Transcribe the listing below exactly, from its first line through the line with "500 шт. | ||". Omit the pictures.

Data shown below:

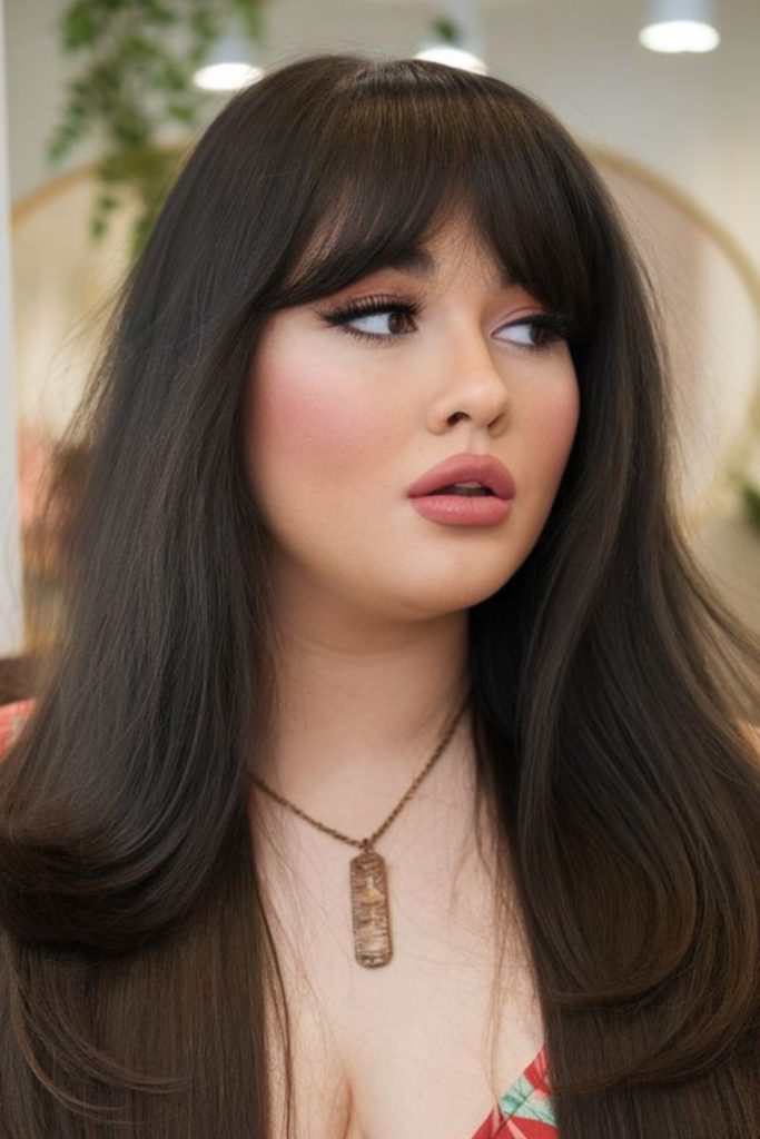 Curtain bangs frame cheeks softly yet cleverly slim roundness.
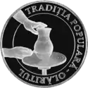 | Реверс: сцена создания сосуда на гончарном круге, надпись на молд. TRADIȚIA POPULARĂ — OLĂRITUL. Гурт: гладкий. Материал: серебро-925. Тираж: 500 шт. | ||
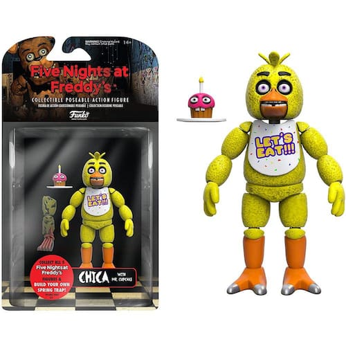""Produto internacional. Os impostos estão incluídos. O cliente não precisa pagar impostos; caso o faça, não será reembolsado.""Do jogo de sucesso Five Nights at Freddy's, Chica, como uma figura de ação de vinil articulada de 5" da Funko! A figura tem 5 polegadas e vem em um cartão com uma caixa de exibição de janela. Confira as outras Cinco Noites nas figuras de Freddy da Funko! Colete todas as cinco noites no Freddy's 5" figuras de ação articuladas para criar Spring Trap - a primeira construção-a-figura de Funko!
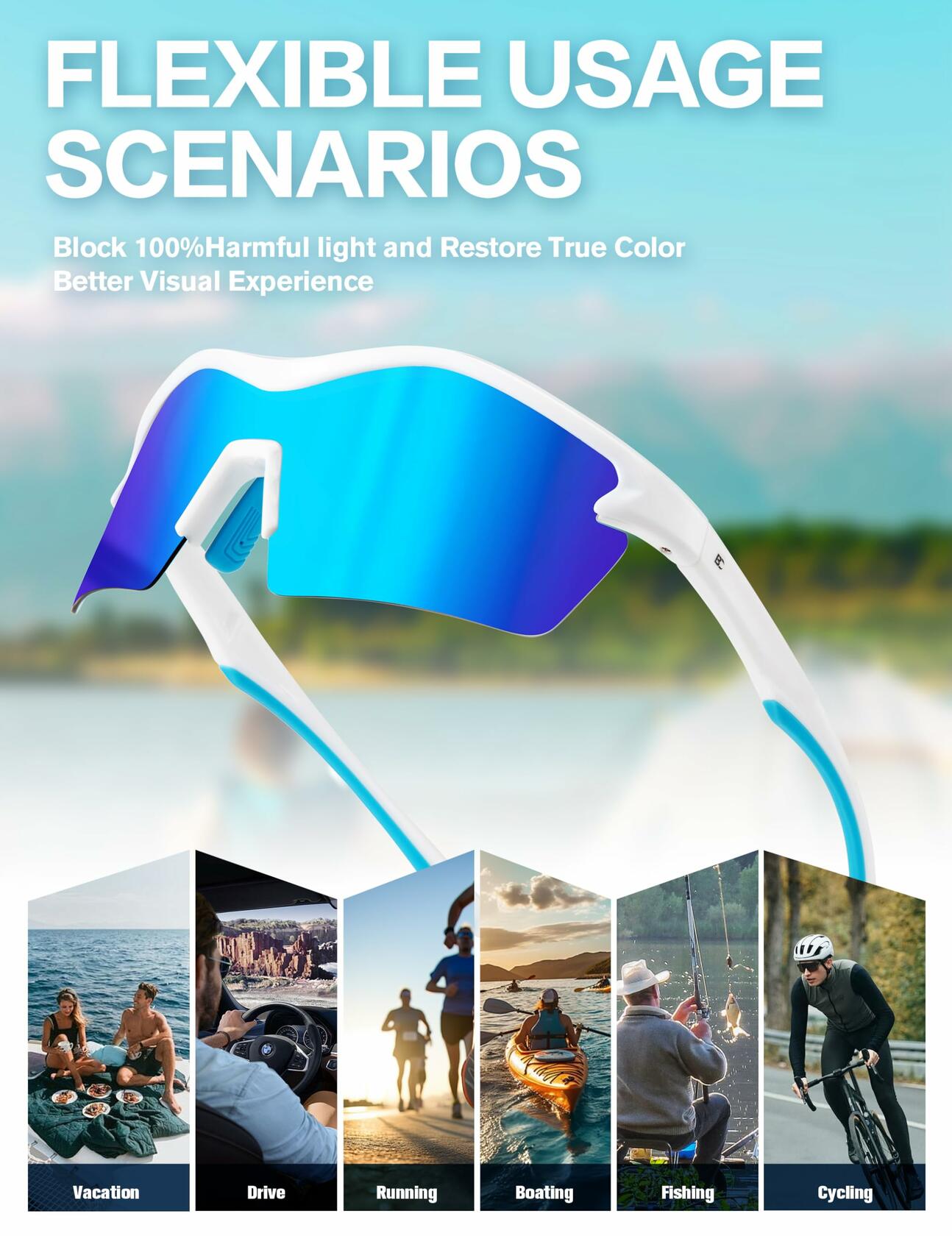 - 【UV400 Protection Baseball Sunglasses】No more squinting or worrying about UV damage! These baseball glasses offer full UV400 protection, effectively blocking 100% of harmful UVA and UVB rays. Whether you're under blazing sun or shifting light conditions, your eyes stay safe, comfortable, and ready for the next challenge. Enjoy your outdoor experiences longer and healthier with our cycling sunglasses for men!

End of Data shown.

Answer to this exercise »
 Curtain bangs frame cheeks softly yet cleverly slim roundness.
 | Реверс: сцена создания сосуда на гончарном круге, надпись на молд. TRADIȚIA POPULARĂ — OLĂRITUL. Гурт: гладкий. Материал: серебро-925. Тираж: 500 шт. | ||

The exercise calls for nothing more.